He pointedly declined to disclose how many more troops will be dispatched to wage America's longest war.
In a prime-time address to unveil his new Afghanistan strategy, Trump said the U.S. would shift away from a "time-based" approach, instead linking its assistance to results and to cooperation from the beleaguered Afghan government, Pakistan and others. He insisted it would be a "regional" strategy that addressed the roles played by other South Asian nations.
In his first formal address to the nation as commander-in-chief, Trump discarded his previous criticism of the 16-year-old war as a waste of time and money, admitting things looked different from "behind the desk in the Oval Office."
"My instinct was to pull out," Trump said as he spoke of his frustration with a war that has killed thousands of U.S. troops and cost U.S. taxpayers trillions of dollars.

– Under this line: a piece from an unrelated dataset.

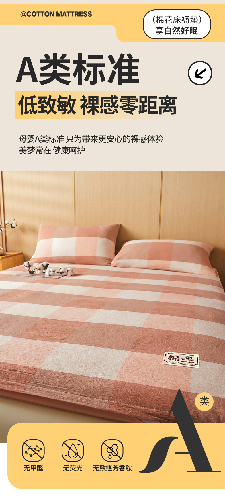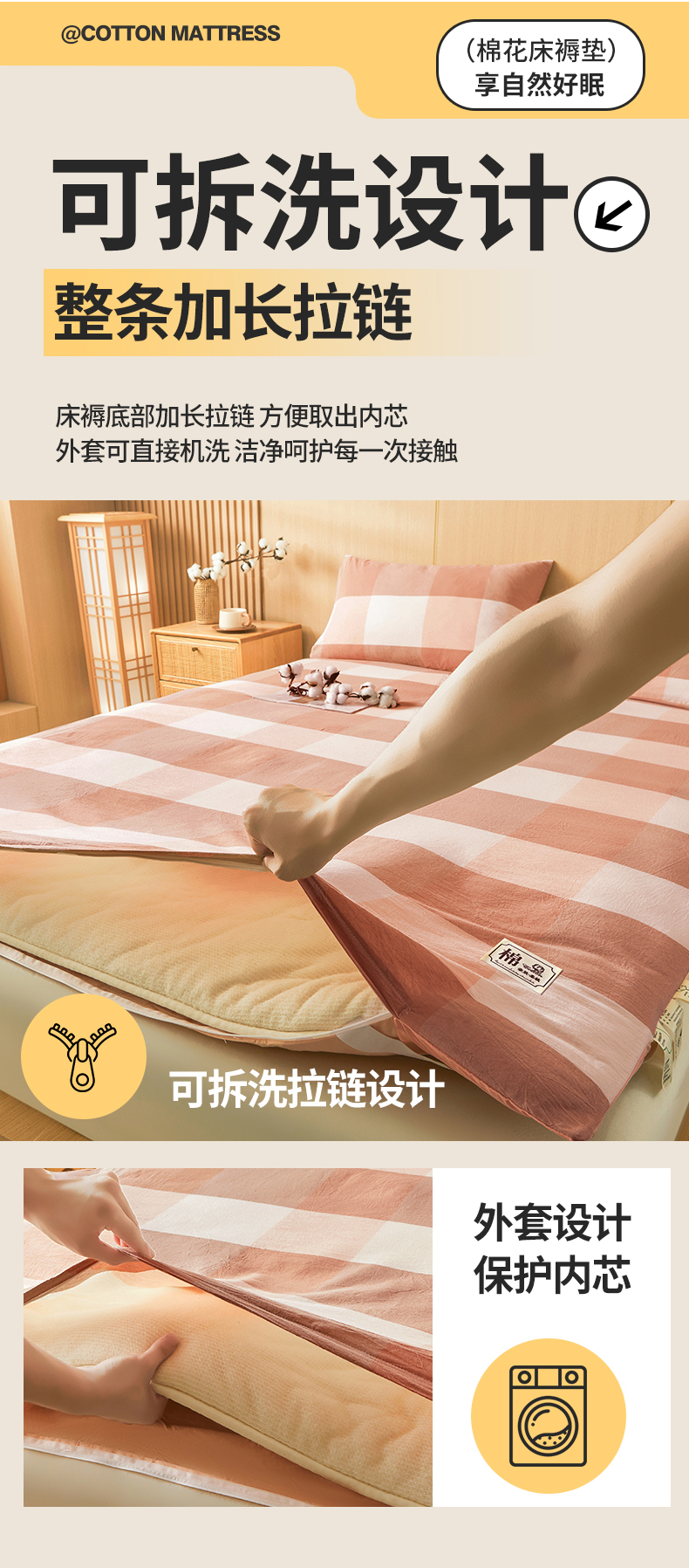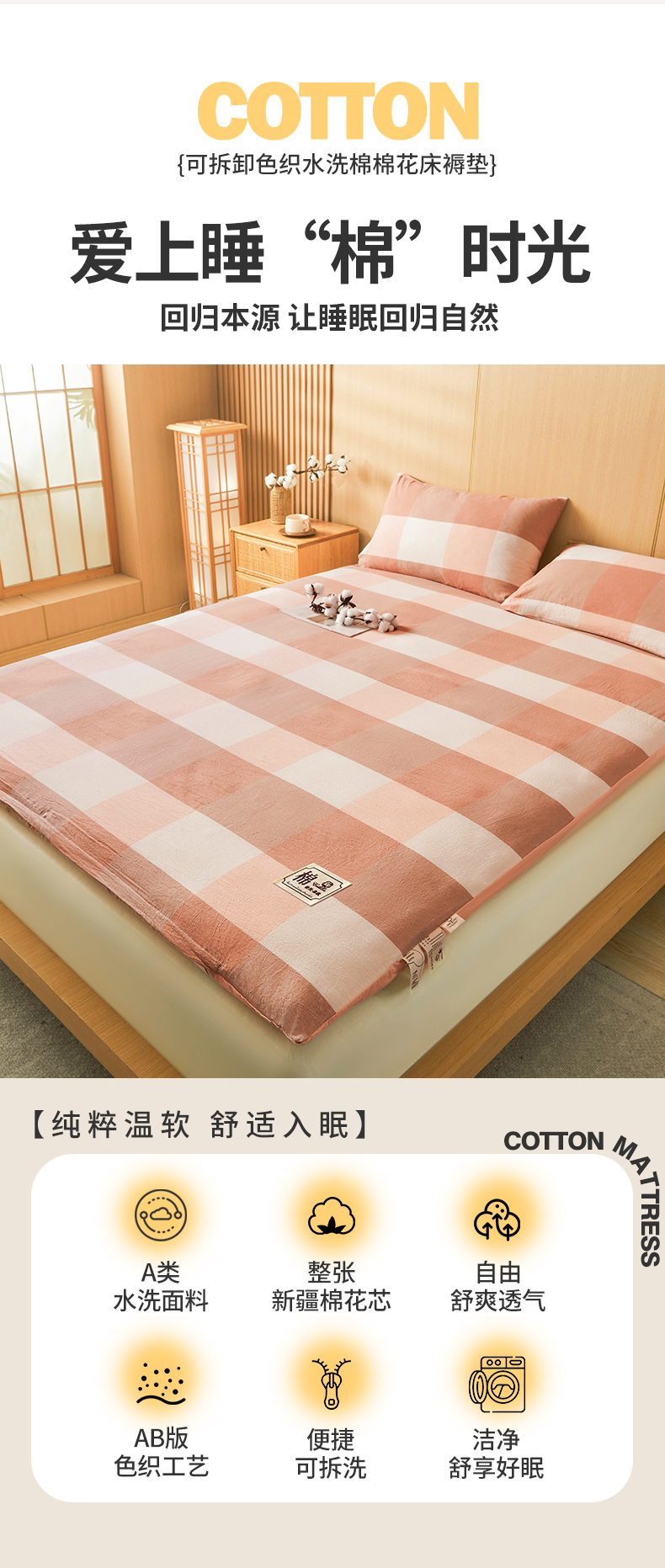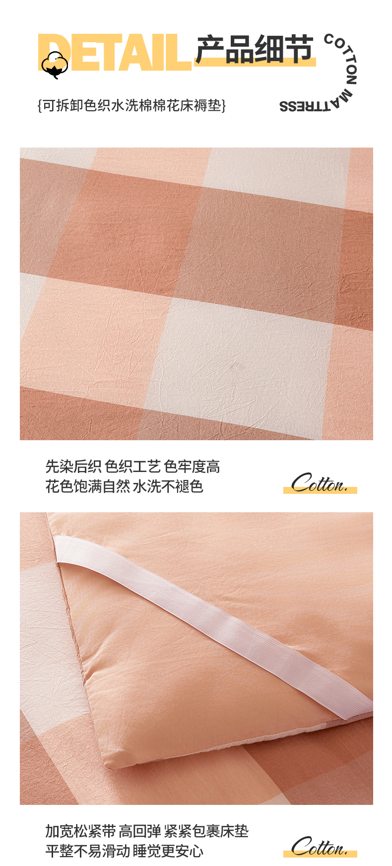 • 91家纺网 家纺一手货源 找家纺 晓时候 20252新款可拆洗新疆棉花床垫被褥子学生宿舍亲肤水洗棉棉花床垫-家用款 蜜粉大格

But following months of deliberation, Trump said he had concluded "the consequences of a rapid exit are both predictable and unacceptable" leaving a "vacuum" that terrorists "would instantly fill."
While Trump refused to offer detailed troop numbers, senior White House officials said he had already authorized his defense secretary to deploy up to 3,900 more troops to Afghanistan.

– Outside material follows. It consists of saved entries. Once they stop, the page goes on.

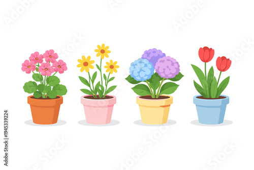 potted, flower, plant, gardening, illustration, spring, summer, floral, decoration, botanical, nature, growth, bloom, geranium, daisy, hydrangea, tulip, container, vibrant, colourful, domestic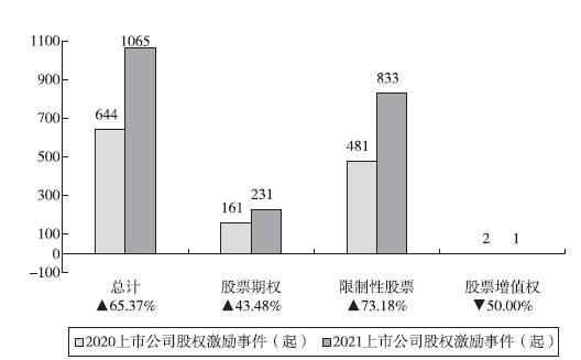 图5 2021年上市公司股权激励事件不同标的物数量及增长情况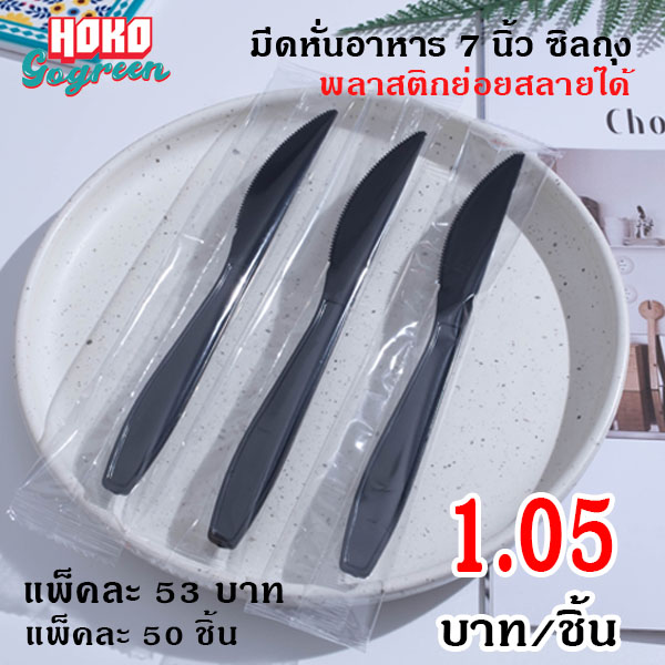มีดพลาสติก สีดำ ซิลถุงทุกชิ้น (กล่อง 1,000 ชิ้น) มีดสีพาสเทล มีดพลาสติกย่อยสลาย มีดใช้แล้วทิ้ง มีดสีสันสดใส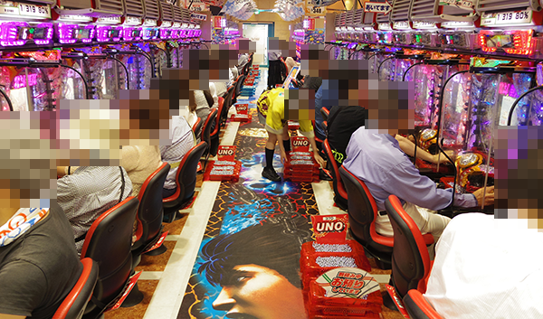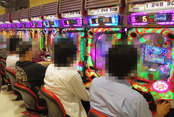 15時頃の4円パチンコのなかで人気を集めていたのは「ぱちんこCR真・北斗無双」。明るい表情で遊技を楽しんでいるプレイヤーが多く、機種の魅力を堪能できていたようだ。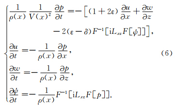 是虚数单位,本文通过引入一个辅助项ψ,将方程(5)改写为如下的纯P波一阶速度-应力方程: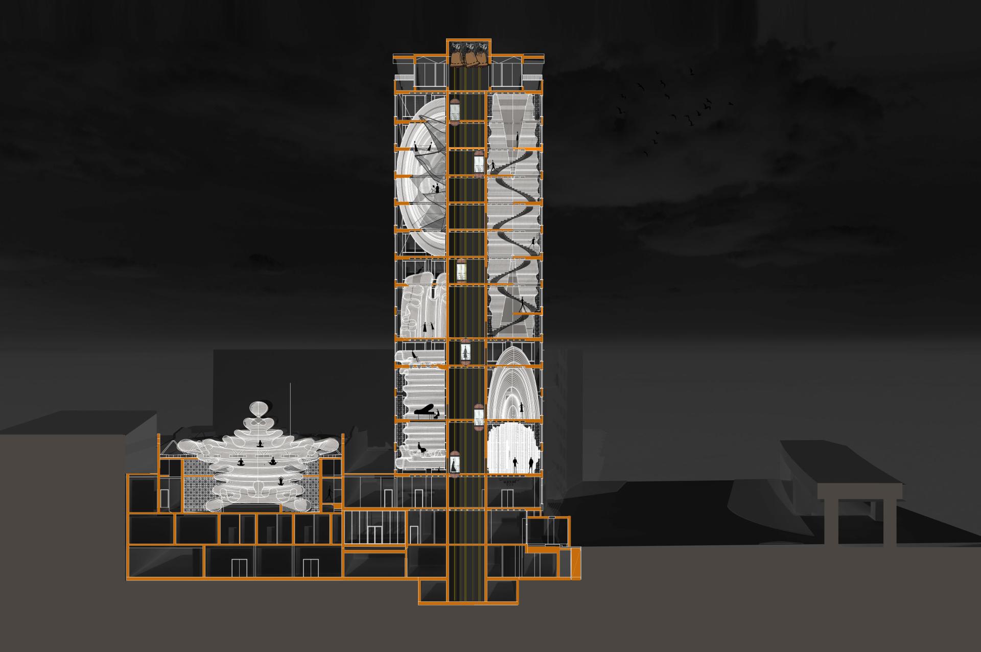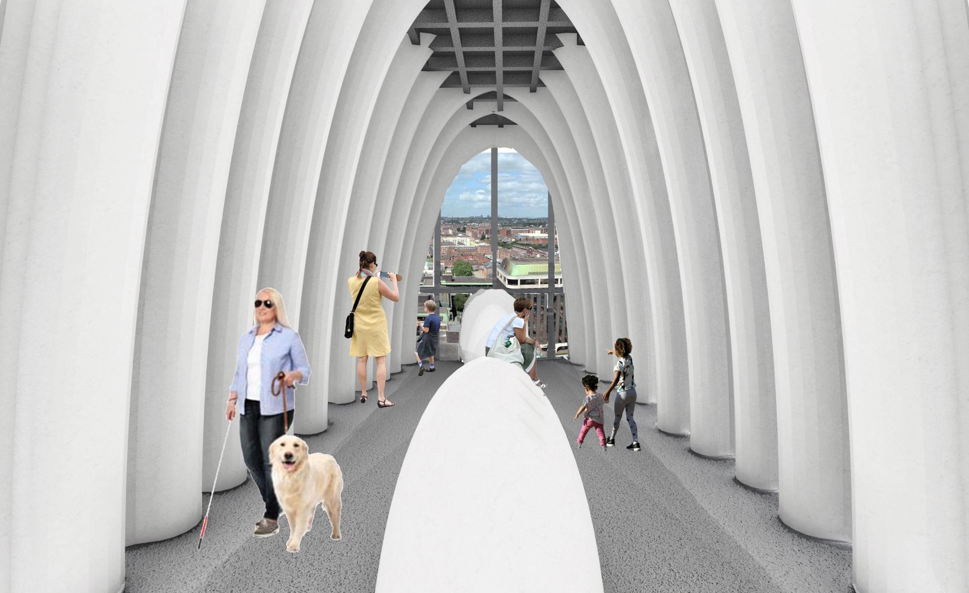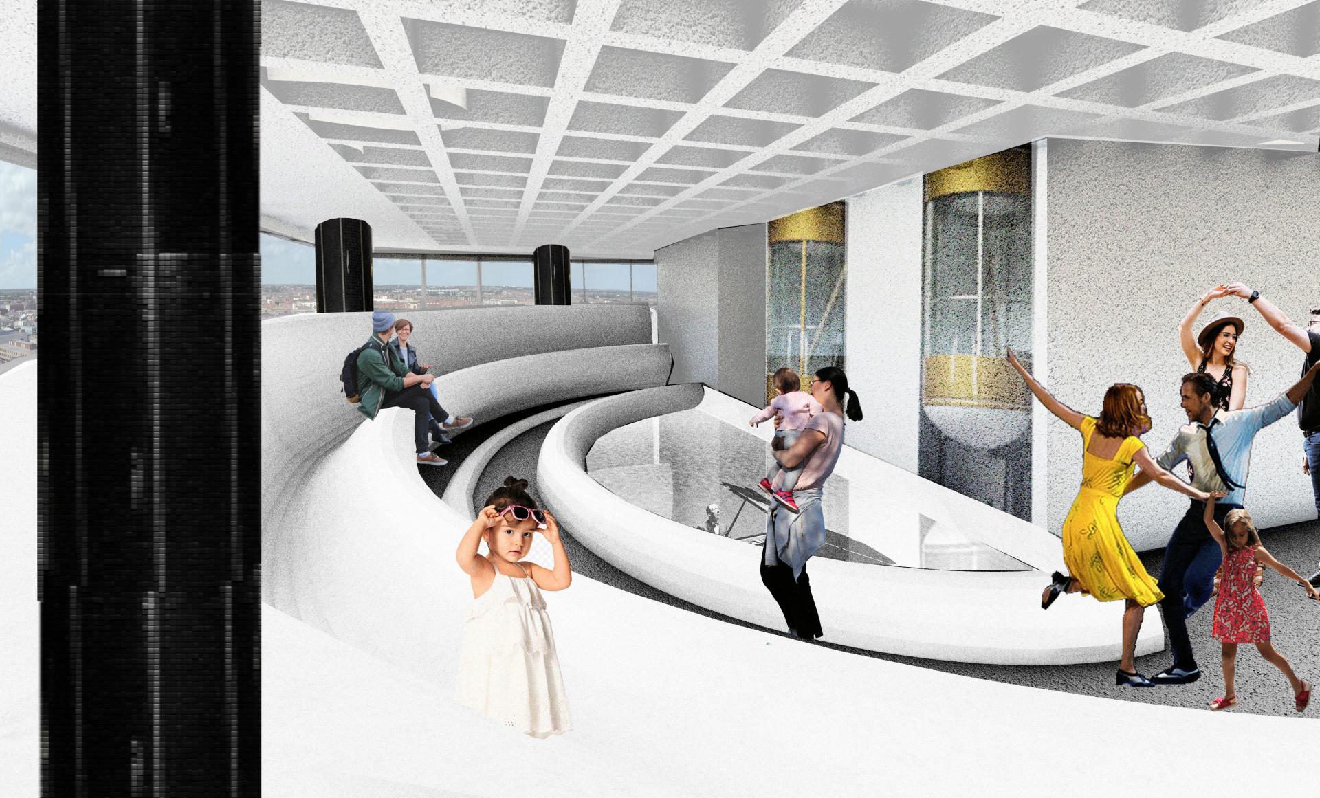 As for sustainability my current test project can be seen as an example of how this type of design can be created in a sustainable way. As I looked at Ireland's first sky scrapper , Liberty Hall and looked at how it could be turned into an acoustic experience. A museum as such without over emphasising the visual. This project which can be view in full on my website. Shows that simple materials and forms can be used to retrofit existing spaces into more inclusive ones. This light touch could allow older buildings to be brought back to life for the greater good and to include all of our population.

He warned that the approach would now be more pragmatic than idealistic. Security assistance to Afghanistan was "not a blank check" he said, warning he would not send the military to "construct democracies in faraway lands or create democracies in our own image."
"We are not nation building again. We are killing terrorists."
The U.S. has grown increasingly weary of the conflict that began in October 2001 as a hunt for the 9/11 attackers has turned into a vexed effort to keep Afghanistan's divided and corruption-hindered democracy alive amid a brutal Taliban insurgency.
Meanwhile, the group vowed to continue its fight "until the last breath," in response to Trump's announcement of a new strategy for Afghanistan, promising that it would make the country "a graveyard" for the U.S. and would continue fighting as long as American troops remained in the country.
"If America doesn't withdraw its troops from Afghanistan, soon Afghanistan will become another graveyard for this superpower in the 21st century," Zabiullah Mujahid, a spokesman for the Taliban in Afghanistan, said in a statement.
Trump for the first time also left the door open to an eventual political deal with the Taliban.
"Someday, after an effective military effort, perhaps it will be possible to have a political settlement that includes elements of the Taliban in Afghanistan," he said.
"But nobody knows if or when that will ever happen," he added, before vowing that "America will continue its support for the Afghan government and military as they confront the Taliban in the field."
His Secretary of State Rex Tillerson went further, saying the U.S. would "stand ready to support peace talks between the Afghan government and the Taliban without preconditions."
The Trump administration had originally promised a new Afghan plan by mid-July, but Trump was said to be dissatisfied by initial proposals to deploy a few thousand more troops.
His new policy will raise questions about what, if anything, can be achieved by making further deployments, or repeating the demands of previous administrations in more forceful terms.
In 2010, the U.S. had upwards of 100,000 military personnel deployed to Afghanistan. Today that figure is around 8,400 U.S. troops and the situation is as deadly as ever.
More than 2,500 Afghan police and troops have been killed already this year.
Trump's announcement comes amid a month of serious turmoil for his administration, which has seen several top White House officials fired and revelations that members of Trump's campaign are being investigated by a federal grand jury.
He sought in his address to convince Americans weary of his controversial off-the-cuff remarks.
"I studied Afghanistan in great detail and from every conceivable angle," he said, hoping to show he has sufficiently pondered the decision to send more young Americans into mortal danger.
One of the main voices arguing for withdrawal, Trump's nationalistic chief strategist Steve Bannon, was removed from his post on Friday.
His strategy did however win over national security-focused Republicans with whom he has had strained relations, such as influential Senator John McCain.